Although some points have already been stressed, the links between e-government and the ancient Greek values might still be blurry. Hence we need to describe and stress these connections appropriately.

The Ancient Greek Values as a Modern Paradigm

It is the continued pursuit of excellence that humanity inherited from this great civilization that makes the involved stakeholders try to provide citizens with ubiquitous access to electronic services (e-services), in the form of e-government. Ubiquity presupposes the omnipresence of networking: an unlimited and universal network (Angelopoulos et al. 2009). Therefore, ample and ubiquitous access to ICT is essential for uniform and consistent diffusion of innovation. This, however, can only be implemented through the sharing of ICT resources across governments and their citizens. Hence, the implementation of e-government as a means for facilitating information and knowledge exchange within the society remains a challenge.

Some values of the ancient Greeks, as depicted by Homer in the Odyssey , are faithfulness and loyalty. These values are today the blueprint for e-government design and implementation. Even the way the ancient Greeks treated their guests can be reflected in modern governance. The paradigm of Xenios Zeus, the king of the gods as the patron of guests, can be seen as a road map to the one-stop portals that are implemented to provide e-services to citizens in many countries around the world. The notion of individualism, which was stressed in the poetry of Archilochus and Sappho, among others, deserves to be examined separately. The moral worth of the individual is one of the most critical characteristics of modern e-government portals.

These values were an inseparable part of ancient Greek thought, and made their culture one of the milestones of the universal humanistic inheritance. The ancient Greek Golden Age has left humanity not only with a legacy of philosophy, literature, art, and architecture, but also with values that have become the moral bedrock of all modern civilized societies.

Undoubtably, the Greeks of the Golden Era made a universally acknowledged contribution to the notions of democratic governance by emphasizing the importance of both the individual and the community. The personalisation features that many e-government services provide can reflect this notion in a modern way. Moreover, the notion of equality was repeatedly stressed in ancient Greek manuscripts, and all attempts today to address the emerging barrier of the “digital divide” are made with respect to this very notion.

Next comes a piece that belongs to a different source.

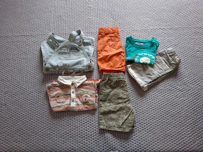 Lot de 6 articles 1 salopette okaidi 1 ensemble Obaibi short gris et t-shirt vert 1 toute petite tache comme montré sur la dernière photo. 1 polo sergent major 1 short orange Obaibi 1 short jungle kaki clair. #18mois_emiliestouvenel

Although the ancient Greeks did not always provide the final answers to these eternal topics, which are incapable of single or conclusive answers by their very nature, in our time researchers and practitioners are trying to implement e-services for the public sector that will be able to properly address them. The ancient Greeks invariably handled these topics in an insightful and contradictory way, which makes the richness of their legacy greater, and the need to explore its relevance to our unstable and highly materialistic times even more urgent.